In the next few months, though, Indira chose to become Congress president to the surprise of many in the party.

Critics accused Nehru of trying to engineer his daughter's rise to the Prime Minister's post after him but a large section of the party felt that Indira had earned her post on merit.

Indira tackled the Kerala crisis and recommended the creation of separate states of Maharashtra and Gujarat to end a linguistic conflict. When her term ended in 1960, the working committee pleaded with Indira to stand for re-election but she declined.

In 1963, as speculation about Indira succeeding a dispirited and aging Nehru swirled, her mind again turned to thoughts of escape.
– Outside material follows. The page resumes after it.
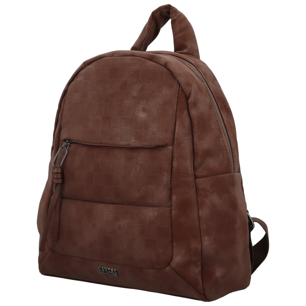 Moderní koženkový batůžek, který zaujme svým decentním designem. Přední stranu zdobí jemný čtverečkovaný motiv a praktická zipová kapsa, ve spodní části nechybí logo značky. Hlavní kapsa je na zip a uvnitř se nachází kapsičky v podšívce, včetně dvou zipových přihrádek pro bezpečné uložení drobností. Batůžek má pevné ucho pro snadné přenášení v ruce a nastavitelné textilní popruhy, které zajistí pohodlné nošení na zádech. Na zadní straně je navíc umístěna zipová kapsa. Tmavě stříbrné kování podtrhuje elegantní vzhled tohoto praktického doplňku. Objednejte ještě dnes a vyzkoušejte, vrátit ho můžete až za 30 dnů!
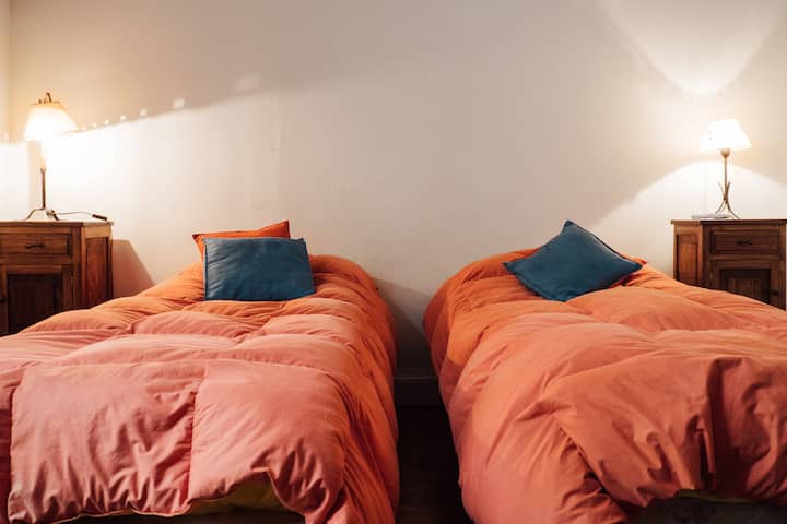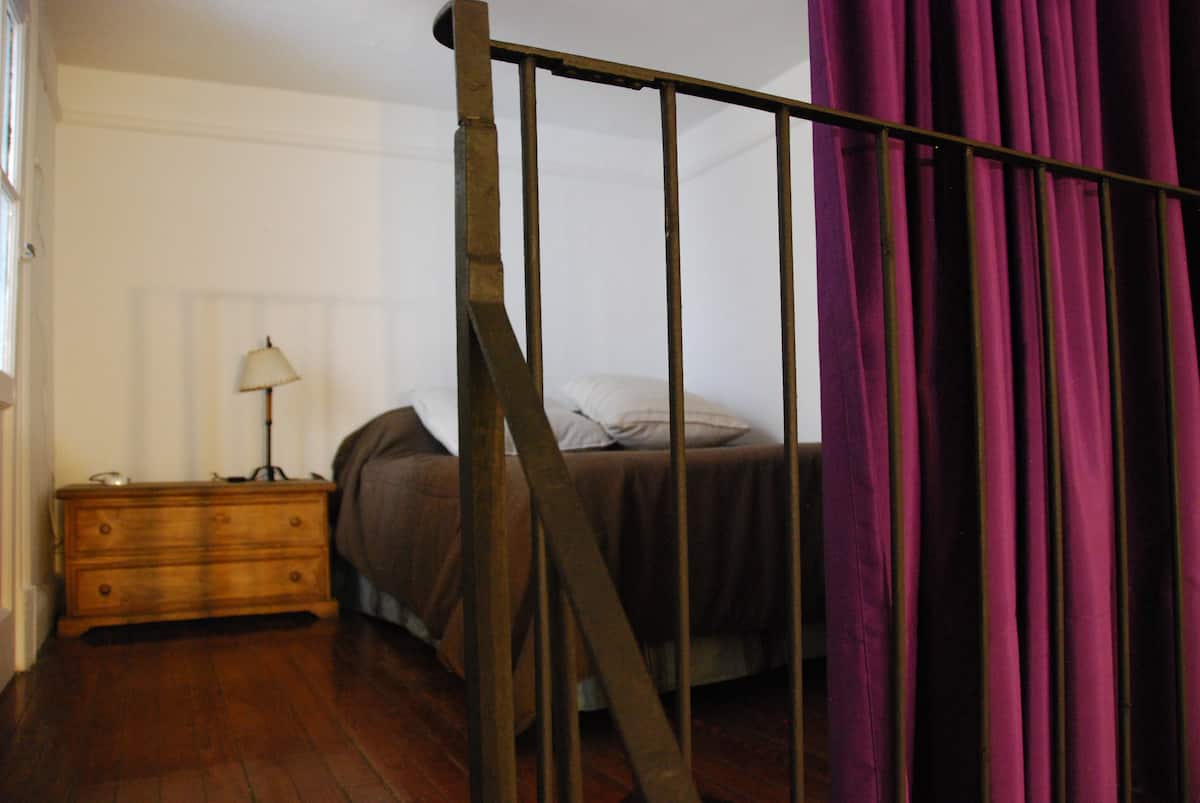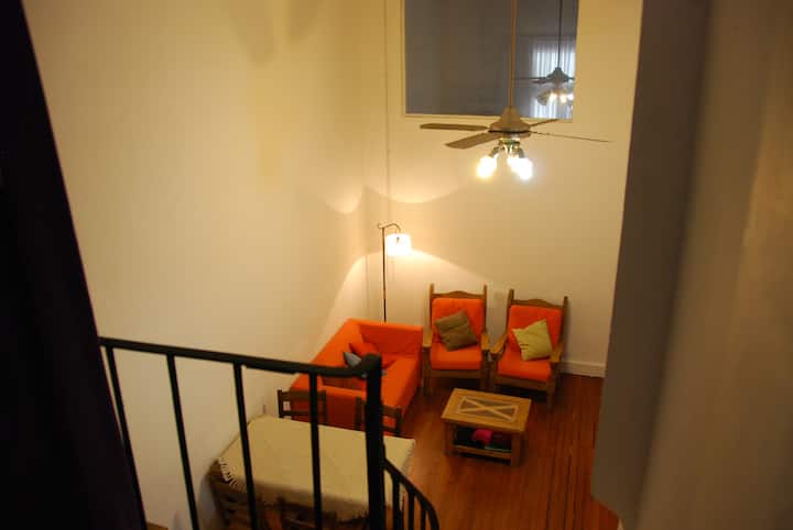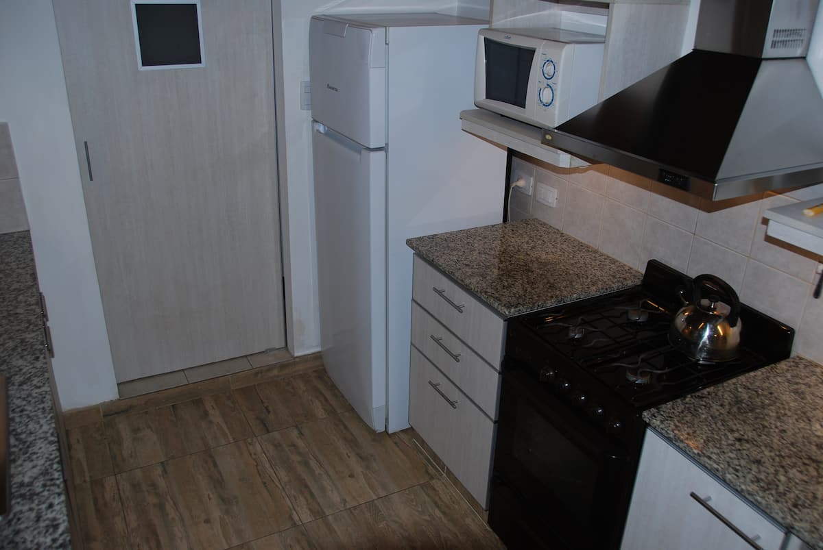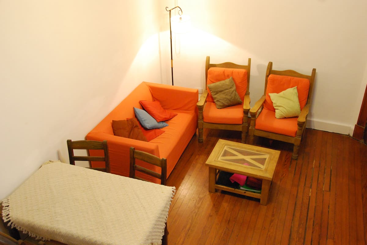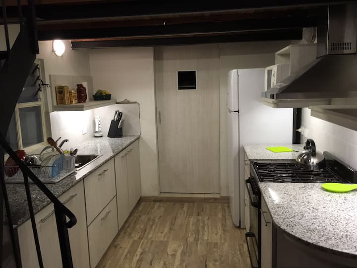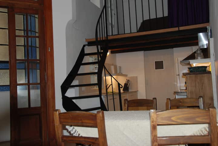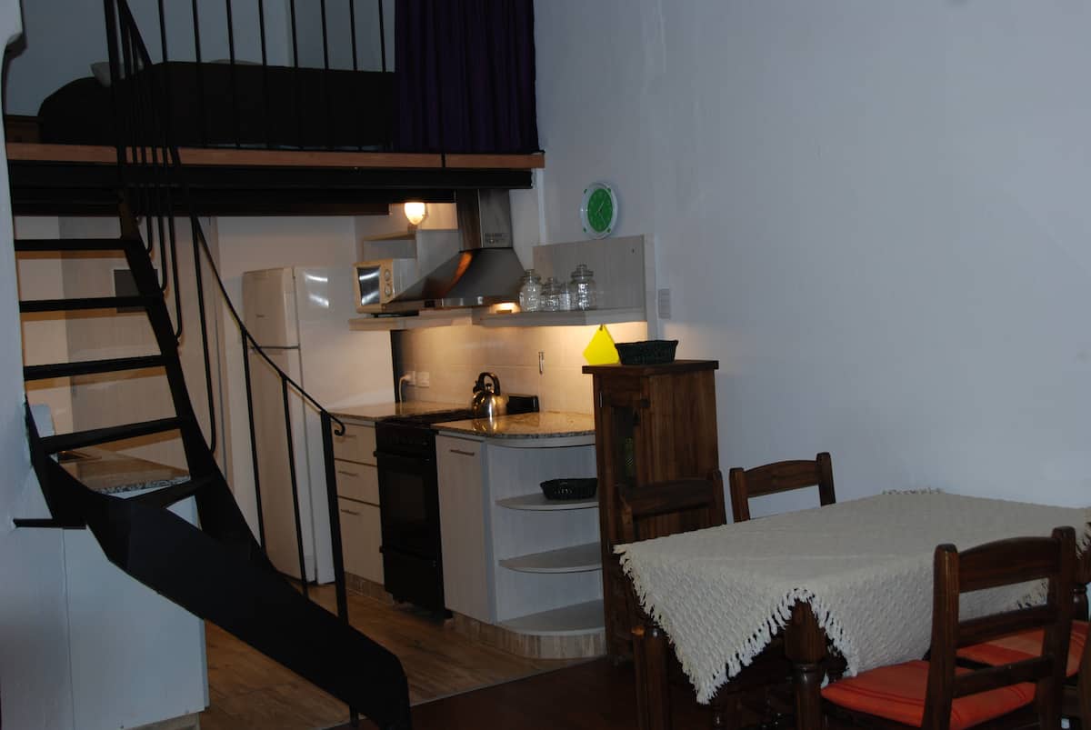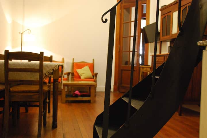 Apartment in a early-20th-century building in Almagro with high ceilings and balconies. Restored with original-style wooden windows, doors and floors. Second-floor unit with air conditioning, Cable TV and high-speed WiFi, plus a full kitchen and dining area.

She wrote to Norman that her greatest desire was to start life afresh in London. She even identified the house where she planned to live, sustaining herself by letting out rooms to Indian students.

It didn't happen, and Indira dominated Indian politics for the next two decades.

Rahul, though, owes his position as party vice-president more to lineage than performance. Privately, many in the Congress today wished he would quit politics and let sister Priyanka Vadra take over at the upcoming session in Bangalore.

Some felt that Rahul's move may have been prompted more by a desire to sort out his personal life than by the electoral routs. Other suggested that Rahul wanted to assess the political implications of his move.

A party lobby had recently demanded that Sonia Gandhi continue as Congress chief while some like Digvijaya Singh asked for Rahul to replace her at the helm. Sonia, appointed to the post in 1998, has been the longest serving Congress president ever.